A: A good audio mix becomes one with the visual, revealing the story. For my part, that often starts with lots of dialogue smoothing and noise reduction. After that, I choose production sounds that work and replace what doesn’t, and then I add sound effects that make the soundtrack bigger. Finally, I finish with the music bed, which brings the emotional effect. If I have enough time to fully develop the project, the director is usually surprised at the final product because of the transformation through the sound mixing process. It’s a whole new experience—even for those most intimate with the project.

Q: What do you do when the sound quality is bad?

Sometimes, potential clients make poor decisions on set or just have bad luck with location sound. Although there’s always something that can be done, big improvements can be very labor intensive and costly. I do my best with all the technology available, but there’s no substitute for good decisions. I sometimes spend a lot of time polishing the proverbial turd.

Q: Why is sound design worth investing in?

For the audience, the soundtrack is half of the experience of any animated or live action video piece. Some clients tend to worry only about the visuals and ignore the audio. I strongly believe that if the audio isn’t enhanced, it will detract from the visuals. On the other hand, good sound design will intensify the visual experience. If you are an audio guy like me, you surely know that most people use their eyes more their ears. I’m always noticing sounds that no one else around me does. But even so, I know that a good soundtrack will add a sense of quality and impact to a video project that everyone will notice.

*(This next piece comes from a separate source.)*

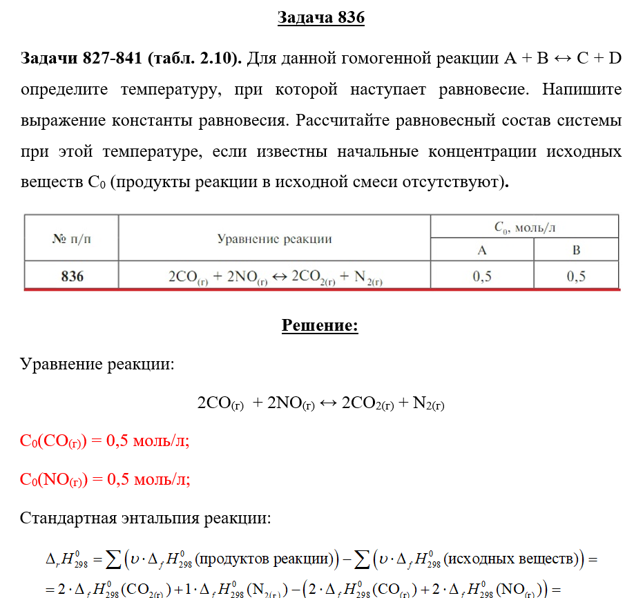 Задачи 827-841 (табл. 2.10). Для данной гомогенной реакции А + В ↔ С + D определите температуру, при которой наступает равновесие. Напишите выражение константы равновесия. Рассчитайте равновесный состав системы при этой температуре, если известны начальные концентрации исходных веществ C0 (продукты реакции в исходной смеси отсутствуют).

Q: Do you have any suggestions for studying exceptional sound design?

I think the best advice, especially for a young sound designer, is just to open their ears up to the everyday world around them. In so many situations, that’s what we’re all trying to recreate. Take a moment to listen and study everyday environments. Listen for what makes things sound far and close, busy and still, outside and inside. Knowing what goes on in the real world can also help you push the audio boundaries for unreal worlds with more sophistication. Imagination is key. Keeping a childlike wonder about our world is a powerful tool for developing effective sound design.